The Fed is entirely responsible for the condition of the financial markets. They’re the primary regulator and the braintrust behind these experimental programs like QE and zirp (zero interest rate policy). Not surprisingly, they implemented both policies with no idea of an exit strategy. Now they are trying desperately to improvise a way out of the mess that they alone created. Just look at the way they’re trying to raise interest rates. It’s a completely new procedure that may or may not work, no one really knows. Before the financial crisis, the Fed used to raise the fed-funds rate by simply buying small amounts of securities. But now that the Fed has flooded the banks with reserves in excess of $2.6 trillion, that’s no longer possible.

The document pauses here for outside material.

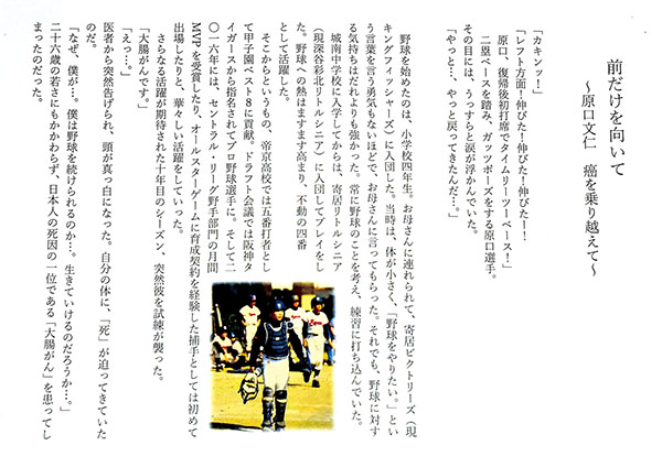 昨年12月、1~3年生までの全学年全クラスの道徳授業にA4サイズ用紙3枚つづりの手作りの教材が配布された。タイトルは「前だけを向いて 原口文仁 癌(がん)を乗り越えて」。教材には、医師から大腸がんであることを告げられ、頭が真っ白になったと同時に現実感を伴って死が迫り、「なぜ、僕が…。僕は野球を続けられるのか…。生きていけるのだろうか」という当時の原口選手の不安な気持ちを率直に伝えている。

Instead, the Fed plans to experiment with reverse repos hoping that it will help them to regain control of the rate-setting mechanism. Here’s a brief rundown of how it’s supposed to work from the Wall Street Journal:
“The Fed has been testing a new tool: the overnight reverse repurchase agreement. These are effectively collateralized loans to the Federal Reserve that temporarily drain excess reserves from government entities or excess cash from money-market funds.This, however, has risks, too. If the Fed doesn’t limit the amount of repurchases, the opportunity of earning risk-free interest at the Fed’s new higher rate could trigger a potentially destabilizing flight from risk assets such as bond mutual funds. Should the Fed set too low a cap, it risks losing control of overnight borrowing rates.” (“The Fed’s Rate Increase: A New Test Looms“, Wall Street Journal)
So according to the author, the new process for raising rates is:
(a) Risky and
(b) No one knows if it will work because it’s never been tried before.
That’s not exactly a ringing endorsement of the Fed’s new policy, now is it?
Of course, no one’s going to admit that none of this would have been necessary if the Fed had nationalized the banks and written down their debts when they had the chance in 2008. Oh, no. Instead, they’re going to keep repeating the same nonsense they’ve been saying for the last eight years, that everything is getting better and that prosperity is just around the corner. What a laugh. Meanwhile, the financial system continues to edge closer to its inevitable day of reckoning thanks in large part to the efforts of the Fed.